Senator Jay Rockefeller and Secretary Michael Chertoff wrote the best article I've seen yet on the CF Disclosure Guidance: Topic No. 2, Cybersecurity issued by the SEC last month in their article A new line of defense in cybersecurity, with help from the SEC:
Managing cybersecurity risk has always been, and always will be, in large part a private sector responsibility...
Until recently, this responsibility may have been unclear — or unknown — to the directors and officers of publicly traded companies. But on Oct. 13, the Securities and Exchange Commission issued groundbreaking guidance to clarify companies’ disclosure obligations about material cybersecurity risks and events.
Federal securities law has long required publicly traded companies to report “material” risks and events — that is, information that the average investor would want to know before making an investment decision. But before the SEC’s action, many companies were not aware how — or perhaps even if — this duty applied to cybersecurity information. In fact, a Senate Commerce Committee review of past corporate disclosures suggested that a significant number of companies have not reported these risks for years.

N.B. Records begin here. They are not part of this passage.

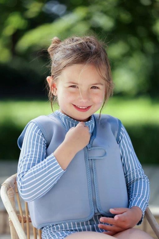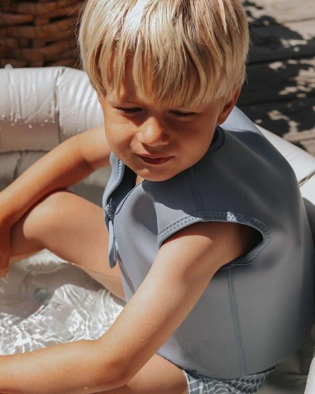 Kamizelka jest wykonana z miękkiego neoprenu 2 mm, z wytrzymałą warstwą nylonu po bokach, mocnymi szwami i mocnym zamkiem YKK oraz z zapięciem na rzep, aby dziecko nie mogło jej otworzyć. Kamizelka neoprenowa zwiększa komfort i bezpieczeństwo w wodzie oraz chroni przed słońcem (SPF 50+)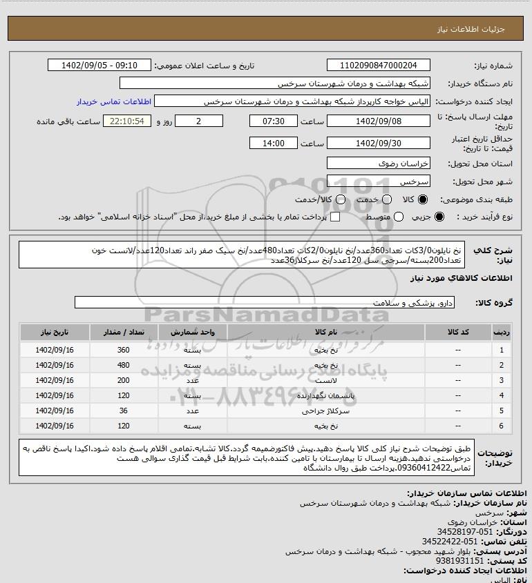 استعلام نخ نایلون3/0کات تعداد360عدد/نخ نایلون2/0کات تعداد480عدد/نخ سیک صفر راند تعداد120عدد/لانست خون تعداد200بسته/سرجی سل 120عدد/نخ سرکلاژ36عدد, استعلام نخ نایلون3/0کات تعداد360عدد/نخ نایلون2/0کات تعداد480عدد/نخ سیک صفر راند تعداد120عدد/لانست خون تعداد200بسته/سرجی سل 120عدد/نخ سرکلاژ36عدد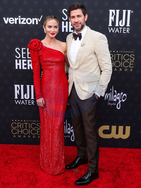 SANTA MONICA, LOS ANGELES, CALIFORNIA, USA - JANUARY 14: Emily Blunt and husband John Krasinski arrive at the 29th Annual Critics' Choice Awards held at The Barker Hangar on January 14, 2024 in Santa Monica, Los Angeles, California, United States., Credit:Xavier Collin / Avalon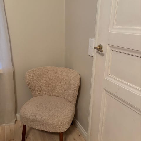 Uusi, vain nurkassa kasattuna nököttänyt tuoli.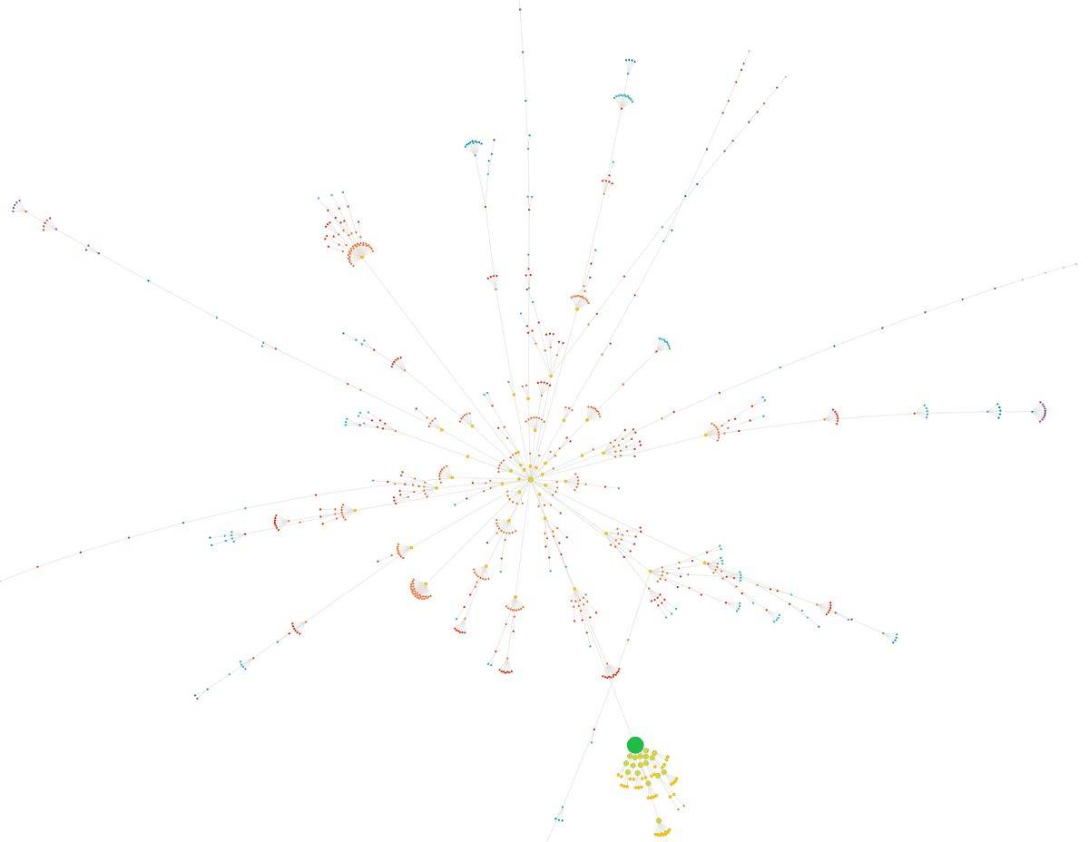 For instance, the long "trails" are paginated page sets, and hovering over the highlighted nodes shows the URLs of content pages that are only accessible via these pages. This immediately shows me: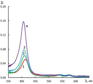 Электронные спектры поглощения регистрировали, используя UV/VIS спектрофотометр Shimadzu UV–2550PC (Shimadzu, Япония) со спектральным диапазоном 350–650 нм.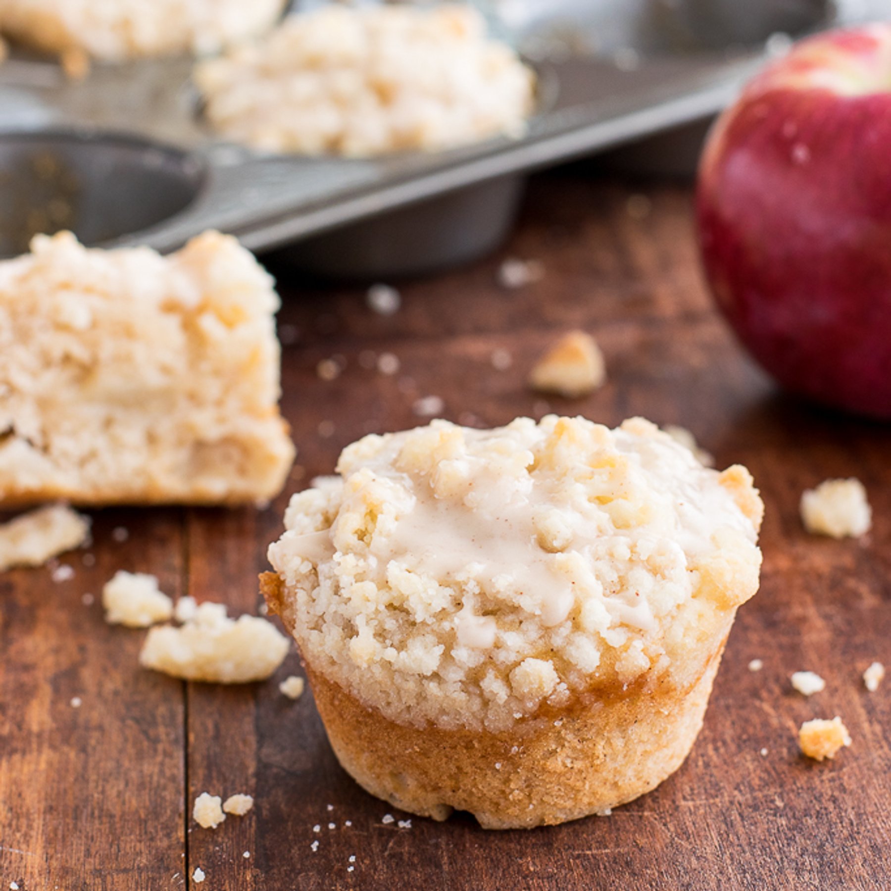 A bakery style spiced apple muffin with a buttery streusel topping and an apple pie spiced glaze.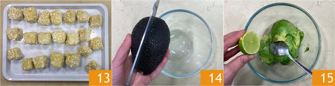 Während Sie den Kabeljau panieren, legen Sie die Stücke auf ein Tablett 13. Stellen Sie das Tablett in den Kühlschrank und kümmern Sie sich um die Avocadocreme: Teilen Sie die Avocado in zwei Hälften 14, entnehmen Sie das Fruchtfleisch und geben Sie es in eine Schüssel, dann fügen Sie den Limettensaft hinzu 15.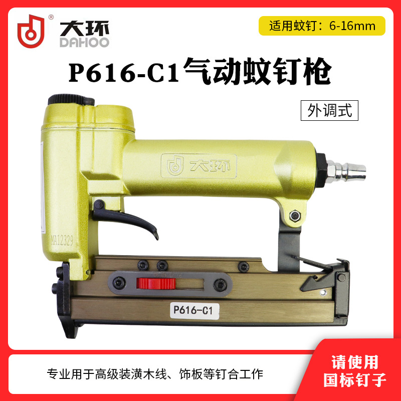 큰 반지 616 공압 모기 못 총 스트레이트 네일 건 목공 장식 도구 에어 네일 건 8mm 헤드리스 네일 건

This SEC guidance is critical because it allows market participants to weigh cybersecurity as an investment factor. It is generally understood that disclosing material breaches — such as the significant loss of a company’s intellectual property — will affect the value of a company, because existing or potential investors will reconsider their investment decisions. Without detailed public information about these events, investors are unaware of the risks to which companies are exposed. And without pressure from investors, corporate officers are less likely to change their risk-management practices.

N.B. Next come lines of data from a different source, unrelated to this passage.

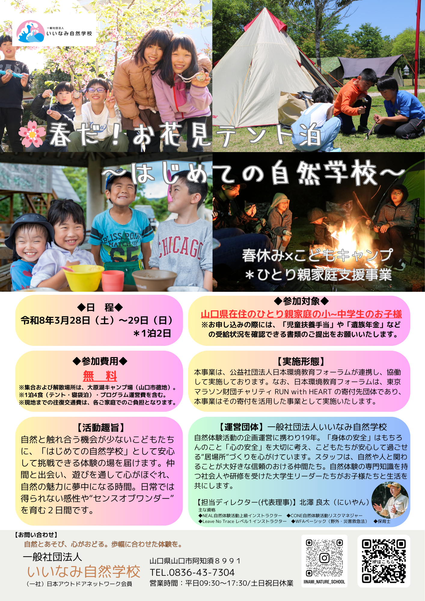山口県在住のひとり親家庭支援事業として、春休みに参加費無料のキャンプを実施いたします。先着順となりますので、お早めにご検討ください。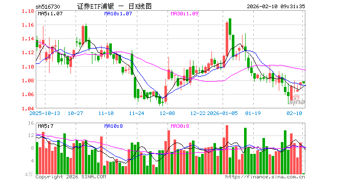 2月10日,证券ETF浦银(516730)开盘涨0.09%,报1.078元。证券ETF浦银(516730)重仓股方面,中信证券开盘涨0.00%,东方财富跌0.13%,国泰海通涨0.20%,华泰证券涨0.00%,广发证券涨0.18%,招商证券涨0.00%,东方证券涨0.00%,兴业证券跌0.14%,申万宏源涨0.00%,中金公司涨0.09%。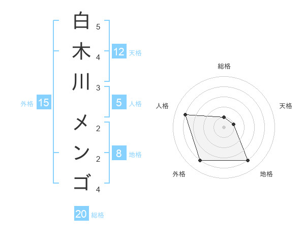 白木川 メンゴさんの総格は20画の1点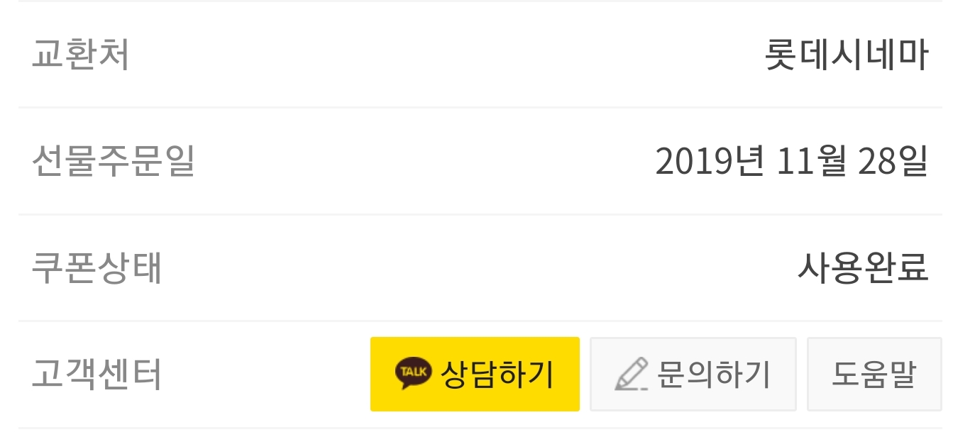 카톡선물 롯데시네마 금액권 유효기간이 만료되서..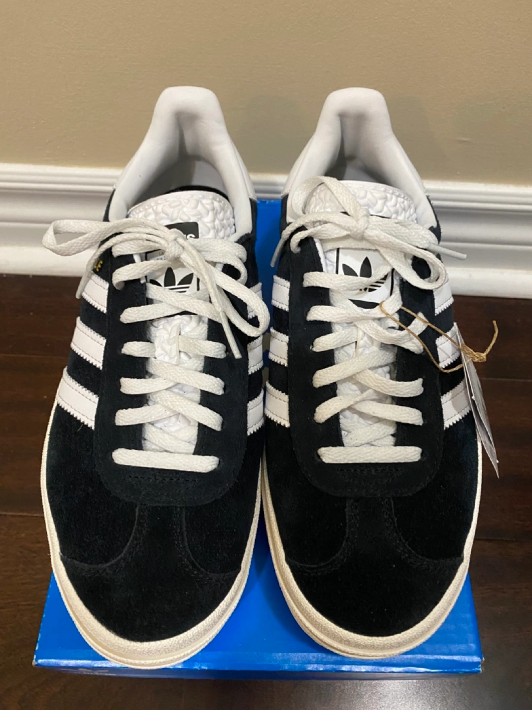 Brand new Women's Adidas Gazelle Bold W sneakers. Black suede upper, white stripes, and off-white platform sole.

The SEC guidance will fundamentally alter this equation by raising questions that historically have not been asked at many U.S. companies. Businesses will now have to consider, among other things, what constitutes a material cybersecurity breach and how to disclose such events to investors; how the value of intellectual property is measured; whether appropriate defenses are in place around that property; and whether risks are being appropriately mitigated, through defensive technologies or appropriate insurance coverage. (emphasis added)
Make no mistake: this is a big deal. Until now "disclosure" laws have aimed at protecting consumers by making their PII the important aspect of a digital incident.
With the SEC guidance, we have a new audience for "disclosure" -- shareholders. The SEC is telling publicly traded companies that they have to disclose material cyber security incidents. Now the battle to define materiality will begin.